One of the other techniques that I use is the Fourier transforms of higher order moments, such as the bispectrum or trispectrum. This is an underutilized technique in the context of dynamical systems, but lead to powerful insights about the nature of periodicities present in such systems.
Finally, I also work on combining ideas from nonlinear dynamics and machine learning for modelling and classification of real world systems. In the context of the former, methods from scientific machine learning are employed to study partially known systems of differential equations.

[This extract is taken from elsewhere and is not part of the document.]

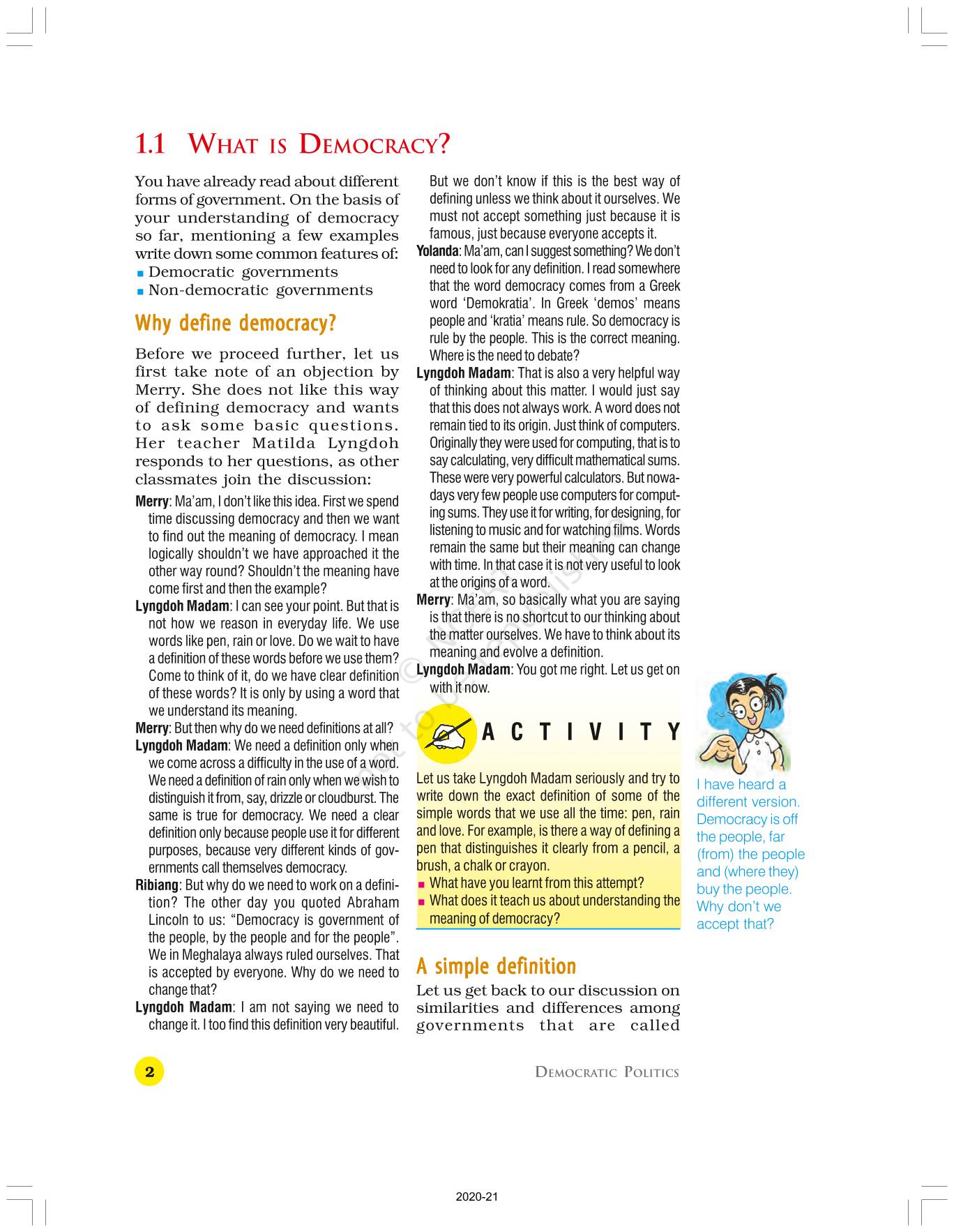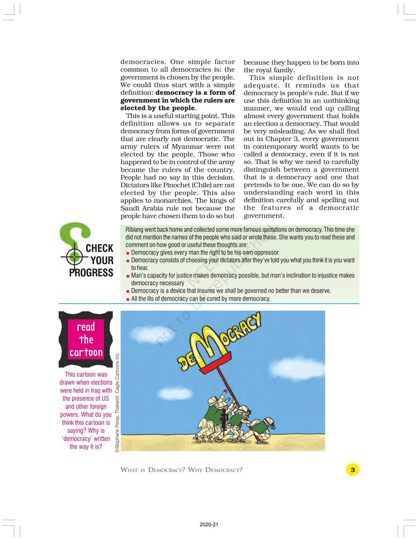 The time when students had limited options of choice for NCERT books wherein they need to go to the bookstore to buy the books but here at BeTrained.in, you can read the complete chapter-What Is Democracy Why Democracy of NCERT books for class 9 Political Science Democratic Politics I. If CBSE class 9 students are finding it hard to search for NCERT Political Science Democratic Politics I books online, then this is the right place as we have provided the textbooks of NCERT chapter wise. These books are available on our website for free along with NCERT Solutions and Exemplar solutions.

In the latter, I use techniques from nonlinear time series analysis as features to classify standard systems, with the understanding that these measure aspects of the time series that are not captured using standard quantifiers such as moments of the amplitude distribution.
Research Areas
Accepting PhDs
I am currently accepting PhDs in Physics.

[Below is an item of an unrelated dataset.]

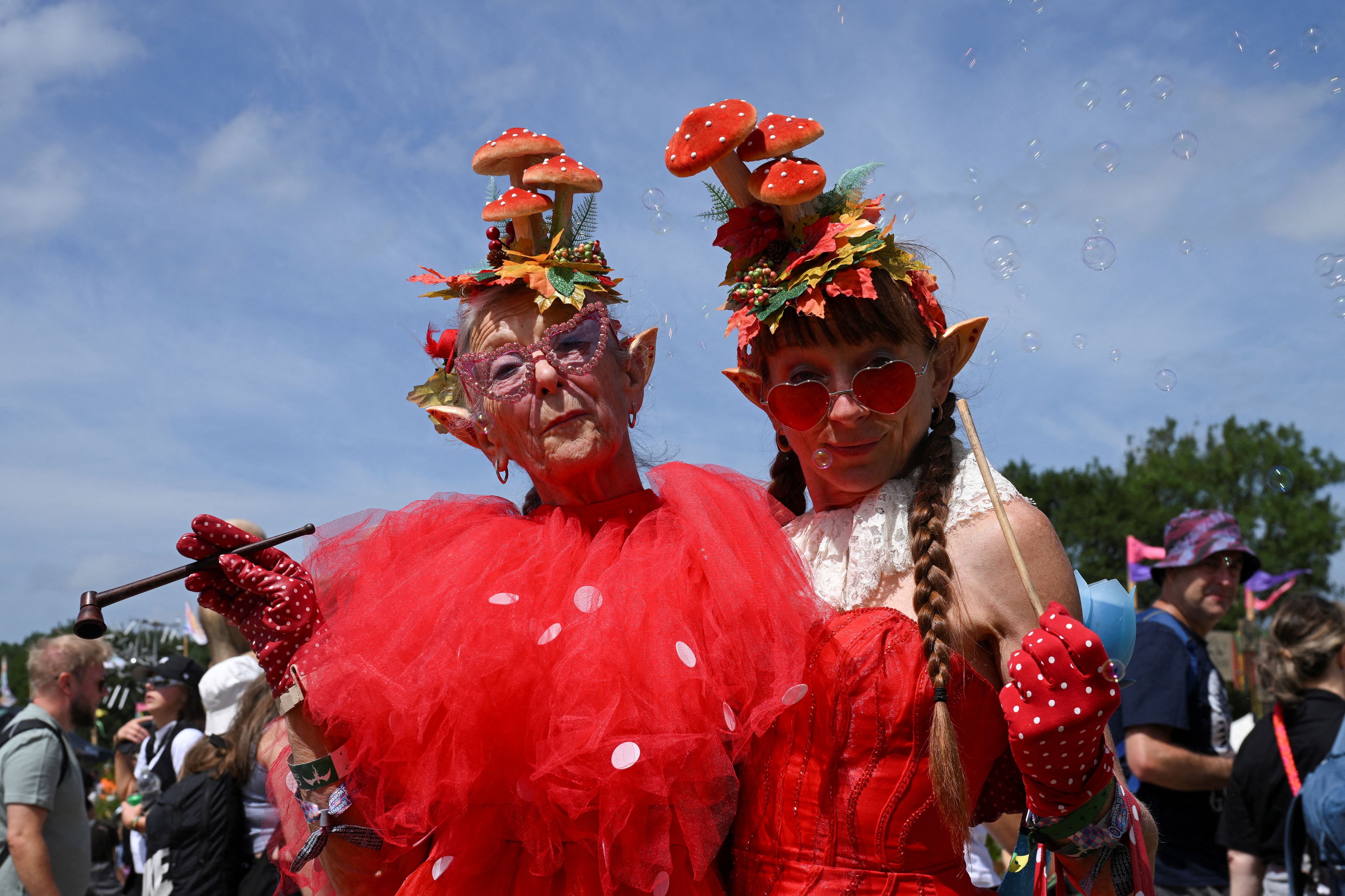 Revellers pose for a photo as they attend Glastonbury Festival at Worthy Farm in Pilton, Somerset, Britain, on June 26, 2025. (Photo by Jaimi Joy/Reuters)

Please get in touch if you would like to discuss your research ideas further.
Physics
Accepting PhDsResearch Specialisms
- Applied Mathematics
- Astronomy
- Dynamics
- Physical Sciences
- Quantitative Psychology
Our research specialisms are based on the Higher Education Classification of Subjects (HECoS) which is HESA open data, published under the Creative Commons Attribution 4.0 International licence.
Current Research
Astronomy: Nonlinear dynamics of close binaries
My research in astronomy revolves around understanding the dynamics of variable stars. In particular I am interested in the dynamics of close eclipsing binary stars, i.e. binary stars that can exchange mass and/or energy with each other. While the light variation due to eclipses is periodic, the mass exchange results in variations that are irregular. The properties of the reconstructed space of these stars are closely related to astrophysical properties of these stars. In particular, the morphological classification of these stars is closely related to their recurrence properties[1]. Secondly, in a subset of these stars, called overcontact binaries, the extend of closeness between the component stars (measured using a fill-out factor) is shown to be closely related to their nonlinear properties[2].

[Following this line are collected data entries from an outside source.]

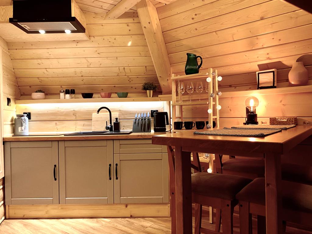 W Osadzie znajdą Państwo 5 domków typu Islandia z przeszklonym panoramicznym dachem. Do każdego z domków przynależy prywatna balia, taras z kompletem wypoczynkowym oraz grillem. Domki są w pełni wyposażone i posiadają osobny dostęp do sieci Wi-Fi, co umożliwi Państwu połączenie wypoczynku z pracą zdalną. Każdy z domków posiada przestronny salon z kominkiem oraz antresola, z której w ciągu dnia mogą Państwo podziwiać panoramę gór, z kolei nocą niebo pełne gwiazd.
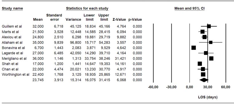 The mean length of hospital stay was 23.74 days (95% CI 16.08 – 31.42) for patients undergoing nonoperative management of chylothorax after cardiothoracic procedures (Figure 4).
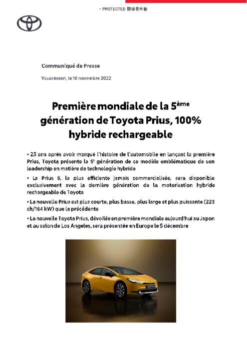 D'un design très sportif, la nouvelle Prius revendique une autonomie en conduite électrique environ 50% plus élevée que sa génération précédente. Elle sera lancée cet hiver dans le monde entier, et dans une version hybride rechargeable au printemps 2023.

[1] George, S. V., Misra, R., & Ambika, G. (2019). Classification of close binary stars using recurrence networks. Chaos: An Interdisciplinary Journal of Nonlinear Science, 29(11).
[2] George, S. V., Misra, R., & Ambika, G. (2020). Fractal measures and nonlinear dynamics of overcontact binaries. Communications in Nonlinear Science and Numerical Simulation, 80, 104988.
Critical Care Medicine: Discontinuing mechanical ventilation
Predicting patient deterioration is a question of critical importance in healthcare, but in particular in the intensive care unit. Making these predictions using data that is routinely measured in the ICU has been a research thrust in recent years. A specific question of interest in this context is to predict when a patient is likely to breathe without the help of mechanical ventillation. Removal of the breathing tube is termed extubation. Recently we attempted to check if signatures seen in dynamical systems, prior to critical transitions, can be seen post extubation in patients who fail extubation[1].
[1] Khalil, L., George, S. V., Ray, S., & Arridge, S. (2022, September 7). Transitions in intensive care: Investigating critical slowing down post extubation. https://doi.org/10.17605/OSF.IO/3DWTA
Psychiatry: Physical activity, heart rate and their relation to depression
While transitions to depression may appear gradually over the course of several weeks, they may also occur abruptly, leading to sudden transitions. Predicting the latter could lead to timely interventions that could prevent the episode or mitigate its effects. Methods based on ecological momentary assessment have been used commonly to make such predictions. However such methods require higher patient burden for measurement than physical activity. In a recurrence quantification analysis of 21 currently depressed and 25 non-depressed individuals, we identified that depressed people showed lower duration and diversity of recurrent physical activities than individuals without depression [1]. A second measurement we used to predict depressive transitions was the ECG. The complexity of cardiac dynamics is thought to reduce considerably during depression. However, it is not understood if this reduction precedes depression or occurs as a result of it. In a study of 28 individuals tapering antidepressants, 14 of whom experienced an episode of depression and 14 who did not, we observed a reduced complexity (measured using multiscale entropy) of interbeat intervals in the weeks leading up to the episode, suggesting that this reduction precedes depressive episodes [2].
[1] George, S. V., Kunkels, Y. K., Booij, S., & Wichers, M. (2021). Uncovering complexity details in actigraphy patterns to differentiate the depressed from the non-depressed. Scientific Reports, 11(1), 13447.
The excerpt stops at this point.